2. What was the Tuskegee study? How did it originate? 
The Tuskegee study, which took place in 1932 was a study conducted by the public health service in conjunction with the Tuskegee Institute that recorded the “natural history of syphilis” that aimed to “justify treatment programs for blacks.” This unfortunate study began with 600 black men, 399 of which had syphilis and 201 that did not. The patients did not have informed consent. The patients were told they were being treated for “bad blood” but the truth was that they did not receive any form of treatment need to cure the disease. The patients did however receive free medical exams, free meals, and burial insurance. The study was only supposed to last for 6 months, but progressed for 40 years. Before the Tuskegee study, there were actual efforts to help these men cure their illness, but after the Wall Street crash in 1929 the funds for these efforts were pulled and the Tuskegee study ensued (CDC, 2011).
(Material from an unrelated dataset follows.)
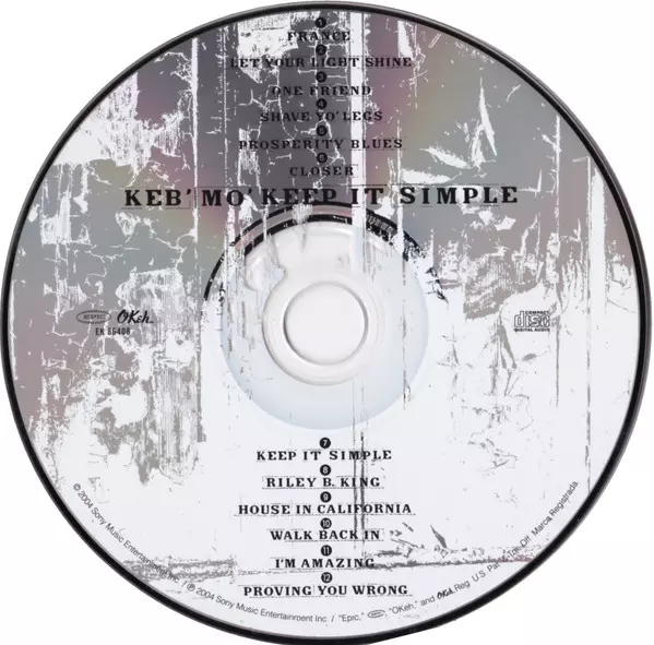 Keb' Mo': Keep It Simple A lemezen lévő változat CD - standard kiadás. Ez a különleges kiadás - USA a kiadó által Epic a következőkkel együttműködve Okeh év 10. február 2004.

3. What were the subjects told about why they were being studied? Who told them?  The patients were told by public health services that they were being treated for “bad blood” but the truth was that they did not receive any form of treatment need to cure the disease. The patients did however receive free medical exams, free meals, and burial insurance (CDC, 2011).

4. Based on your interpretation of “Miss Evers’ Boys” and “Deadly Deception” how do you think the doctors and nurses involved in the study justified their own participation in it? 
The main way I feel they justified their participation in this horrible study was that at the time I guess one could say that race played a big role in the way everybody perceived the world. I remember one of the arguments or justifications of the study was that these doctors or researchers wanted to see if the disease progressed any differently in black men as opposed to white men. Going along with the issue of race I feel that these doctors may have thought that because these men were black they weren’t as valuable to society and therefore dispensable. In the case of the black doctors and nurses that participated in the study I feel it may have been a situation where they have to choose between their career and their morals, and the fact that they already possessed a handicap because of their race, anything that jeopardized their careers had to be avoided. I think that many of the black doctors and nurses felt like they had no other choice because these jobs gave them the most financial security.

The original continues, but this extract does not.